Дня через два, в субботу утром, я встал с постели совершенно разбитый и вышел из дому, как это было заранее условлено с моим близким другом, его преподобием мистером X., чтобы отправиться на прогулку к башне Толкотта, милях в десяти от нас. Мой друг посмотрел на меня пристально, но ни о чем не спросил. Мы отправились в путь. Мистер X. говорил, говорил, говорил без конца; по своему обыкновению. Я ни слова не отвечал ему: я ничего не слышал. После того как мы прошли около мили, мой друг сказал:
— Марк, ты болен? Я в жизни не видывал, чтобы человек был до такой степени измучен, бледен и рассеян. Скажи хоть что-нибудь, ну пожалуйста!
Без всякого одушевления, вялым голосом я произнес:
— «Режьте, братцы, режьте! Режьте осторожно! Режьте, чтобы видел пассажир дорожный!»
Мистер X. сначала уставился на меня растерянным взглядом, не находя слов, потом сказал:
— Марк, я не совсем понимаю, к чему ты клонишь. Как будто в твоих словах нет ничего особенного, и уж конечно ничего печального, а все-таки... может быть... ты так их произносишь ну прямо за сердце хватает. В чем тут...
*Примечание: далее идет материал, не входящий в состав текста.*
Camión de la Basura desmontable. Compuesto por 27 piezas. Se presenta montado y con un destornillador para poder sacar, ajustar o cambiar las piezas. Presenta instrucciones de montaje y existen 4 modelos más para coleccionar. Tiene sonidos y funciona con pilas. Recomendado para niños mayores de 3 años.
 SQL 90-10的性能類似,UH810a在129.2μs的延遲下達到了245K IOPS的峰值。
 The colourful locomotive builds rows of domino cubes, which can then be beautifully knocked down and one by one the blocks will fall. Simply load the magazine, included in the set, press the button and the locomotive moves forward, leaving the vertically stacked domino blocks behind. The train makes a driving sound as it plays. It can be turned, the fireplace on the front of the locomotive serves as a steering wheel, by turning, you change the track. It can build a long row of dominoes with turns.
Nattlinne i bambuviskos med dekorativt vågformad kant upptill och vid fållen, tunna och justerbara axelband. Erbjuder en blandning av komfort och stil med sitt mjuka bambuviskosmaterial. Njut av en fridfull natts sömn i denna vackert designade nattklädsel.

Но я уже не слышал его. Я весь ушел в беспощадное, надрывающее сердце чтение: «Синий стоит восемь центов, желтый стоит девять центов, красный стоит только три. Осторожней режь, смотри». Не помню, как мы прошли остальные девять миль. Вдруг мистер Х. положил руку мне на плечо и закричал:
— Проснись, проснись, да проснись же! Не спи на ходу! Ведь мы уже пришли к башне. Я успел наговориться до хрипоты, до глухоты, чуть не до слепоты, а ты мне так ни разу и не ответил. Посмотри, какой вокруг чудесный осенний пейзаж! Да посмотри же, посмотри! Полюбуйся на него! Ты же много путешествовал, видел в других местах прославленные красоты природы. Ну, выскажи свое мнение: нравится тебе или нет?
Я устало вздохнул и пробормотал:
— «Желтый стоит девять центов, красный стоит только три. Осторожней режь, смотри!»
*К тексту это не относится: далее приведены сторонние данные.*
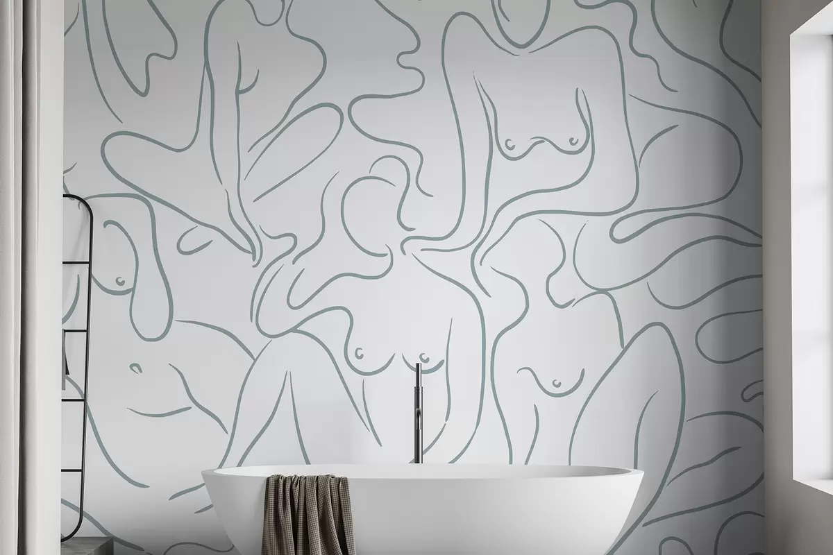 Τοιχογραφίες Γραμμικό σχέδιο ανατομικές σιλουέτες, αφαίρεση, μπλε χρώμα Nr. w03755v1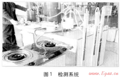 檢測工具及設備有:秒表、膠管、鐘罩1臺、U形管3只、雙眼灶具2臺、單眼灶具1臺。檢測系統(tǒng)見圖1。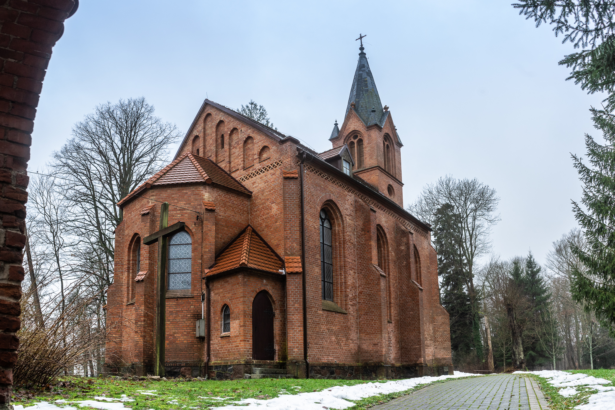 Die im neogotischen Stil errichtete Kirche Mariä Geburt stammt aus dem 19. Jh. und wurde 1945 geweiht. Es ist ein großes Gotteshaus aus rotem Ziegelstein mit einem Turm, den ein pyramidenförmiges Dach abschließt. Eines der wertvollsten historischen Elemente im Inneren ist der Messing-Kronleuchter aus dem 17. Jh. Den Bau umgibt eine nicht große Grünanlage mit einem Denkmal, das der im 1. Weltkrieg gefallenen Einwohner von Świeszyno gedenkt.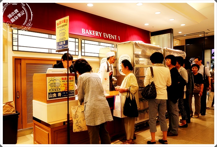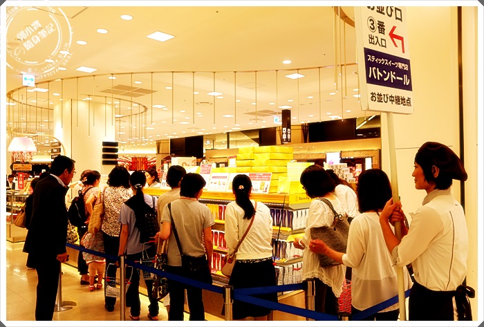 | 第一名排隊店 Bâton D'or バトンドール 一進門就可以看到大排的隊伍,甚至店內排到怕影響動向規劃,沿伸到另一側的電梯廣場旁排,這號稱LV等級的百吉棒幾乎是我每次來都要排的商品,平均排隊時間在2個小時左右,只要前面挑選的客人速度快一點的話,平均一個半小時就可以入手,目前在大阪的話只有高島屋跟阪急總店有專櫃,如果只是要單買Bâton D'or バトンドール的話,那可以在難波站高島屋那邊排隊即可。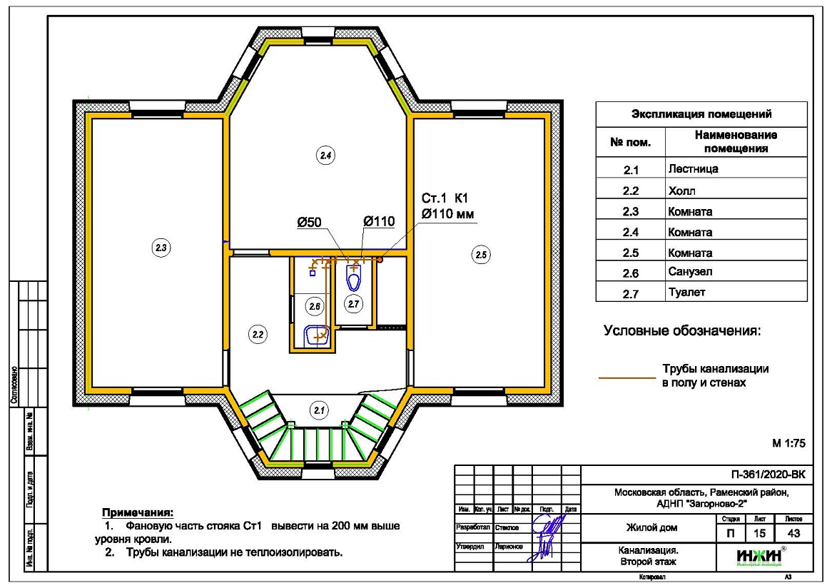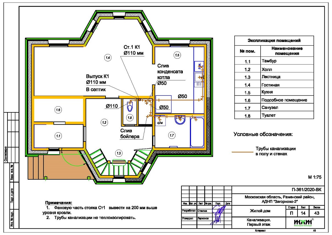 Внутренняя канализация (проект канализации) дома в АДНП "Загорново-2".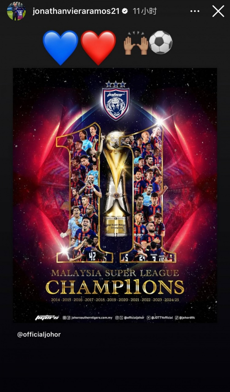 24日進(jìn)行的馬來西亞超級聯(lián)賽第22輪比賽,柔佛新山主場2-0擊敗霹靂,提前4輪問鼎本賽季冠軍。賽后,比埃拉曬出了奪冠的海報,并附上了多個表情慶祝柔佛新山提前奪冠。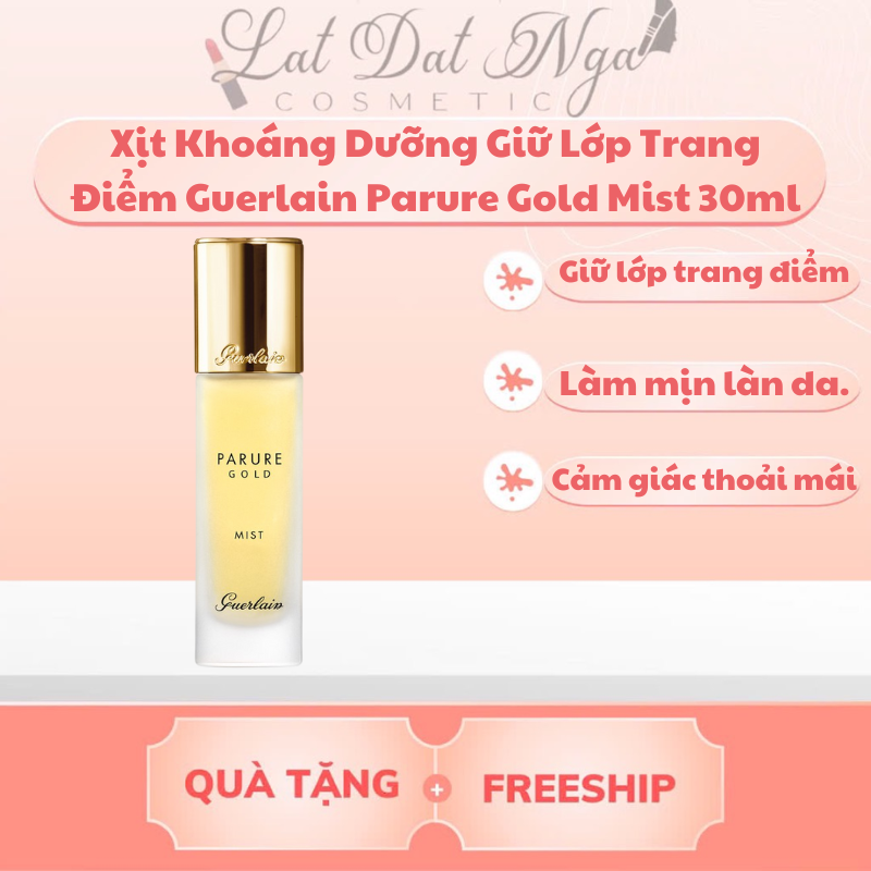 - Xịt Khoáng Dưỡng Giữ Lớp Trang Điểm Guerlain Parure Gold Mist 30ml là dòng sản phẩm cao cấp đến từ thương hiệu Guerlain nổi tiếng. Parure Gold Mist là bước cuối cùng cho kết quả trang điểm hoàn hảo. Nó thiết lập trang điểm và mang lại một kết thúc rạng rỡ hơn cho lớp trang điểm giữ được lâu hơn.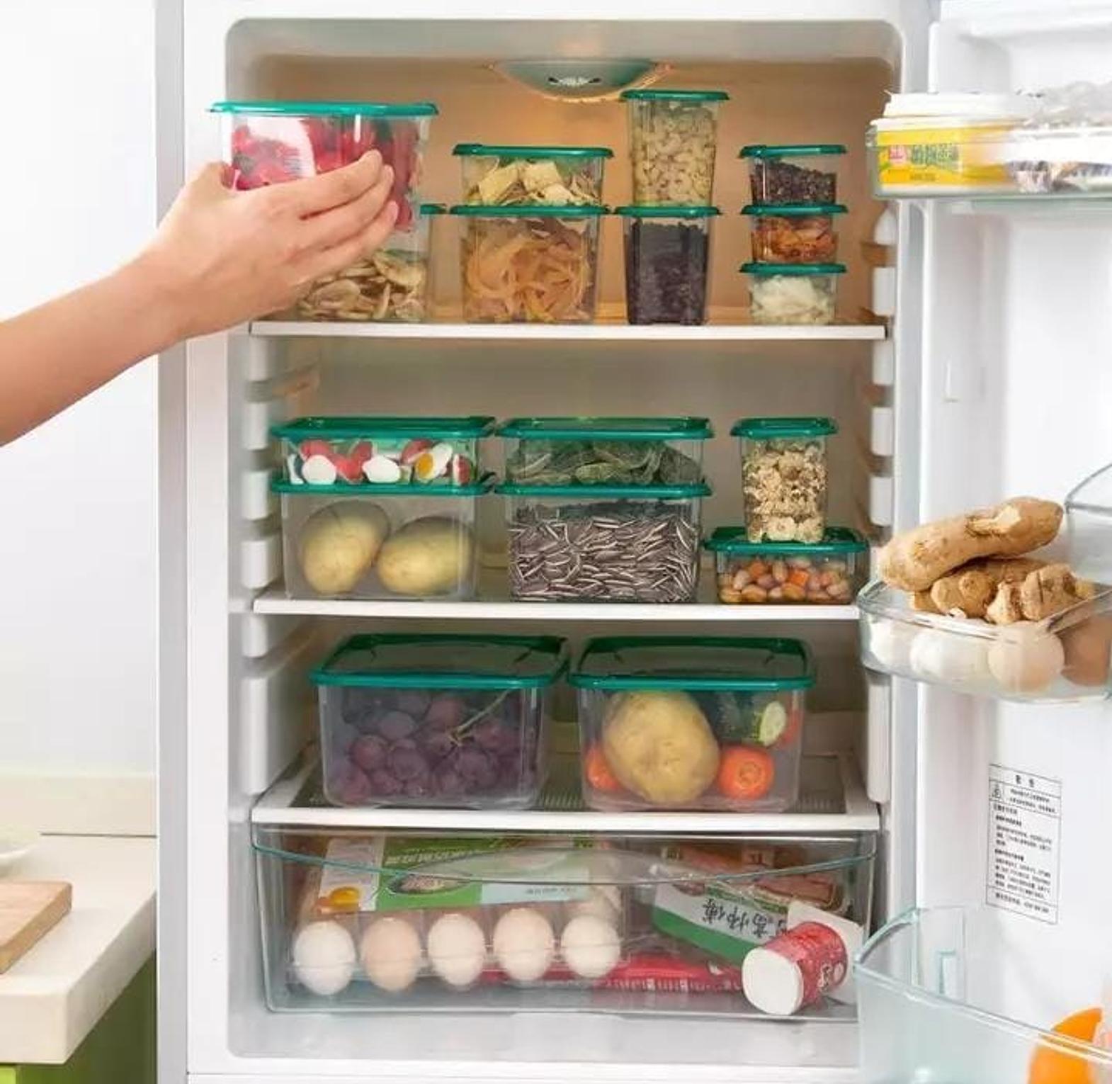 A complete set of transparent, sealed food containers designed to keep meals fresh and organized in the refrigerator or on the go.

Его преподобие мистер Х. остановился и посмотрел на меня долгим и очень грустным взглядом, как видно сожалея обо мне, потом сказал:
— Марк, тут есть что-то непонятное для меня. Это почти те же самые слова, что ты говорил и раньше, в них как будто нет ничего особенного, а между тем они прямо-таки надрывают сердце. «Режьте, чтобы видел...» — как это там дальше?
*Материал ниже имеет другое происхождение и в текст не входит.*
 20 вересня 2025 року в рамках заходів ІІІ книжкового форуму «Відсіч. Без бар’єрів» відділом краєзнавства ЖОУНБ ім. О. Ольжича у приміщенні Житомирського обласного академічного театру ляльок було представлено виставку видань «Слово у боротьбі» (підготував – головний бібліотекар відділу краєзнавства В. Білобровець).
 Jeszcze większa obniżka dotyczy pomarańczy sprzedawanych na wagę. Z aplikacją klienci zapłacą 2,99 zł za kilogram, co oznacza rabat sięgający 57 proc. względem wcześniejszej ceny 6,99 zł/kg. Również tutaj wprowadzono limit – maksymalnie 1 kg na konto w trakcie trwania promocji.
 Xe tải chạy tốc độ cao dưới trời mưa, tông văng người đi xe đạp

Я начал с самого начала и повторил все до конца. Лицо моего друга засветилось интересом. Он сказал: Какие пленительные рифмы! Это почти музыка. Они текут так плавно. Я, кажется, тоже запомнил их наизусть. Повтори, пожалуйста, еще разок, тогда я уж наверняка все запомню.
Я повторил. Потом мистер Х. прочел их сам. В одном месте он слегка ошибся, я его поправил. Во второй и третий раз он читал стихи уже без ошибки. И тут словно огромная тяжесть свалилась у меня с плеч. Мучительные вирши вылетели у меня из головы, и блаженное чувство мира и покоя снизошло на меня. На сердце у меня сделалось так легко, что я даже запел, и пел всю обратную дорогу домой, целых полчаса. После этого мой язык развязался, и слова после долгих часов молчания потекли рекой. Речь моя лилась свободно, радостно и торжествующе до тех пор, пока источник не иссяк и не пересох до самого дна. Пожимая на прощанье руку моему спутнику, я сказал:
Правда, ведь мы провели время просто по-царски! Хотя я припоминаю теперь, за последние два часа ты не сказал ни слова. Ну же, ну, скажи хоть что-нибудь!
Его преподобие мистер Х. обратил ко мне потускневшие глаза, тяжело вздохнул и сказал без всякого оживления и, как видно, бессознательно:
«Режьте, братцы, режьте! Режьте осторожно. Режьте, чтобы видел пассажир дорожный!»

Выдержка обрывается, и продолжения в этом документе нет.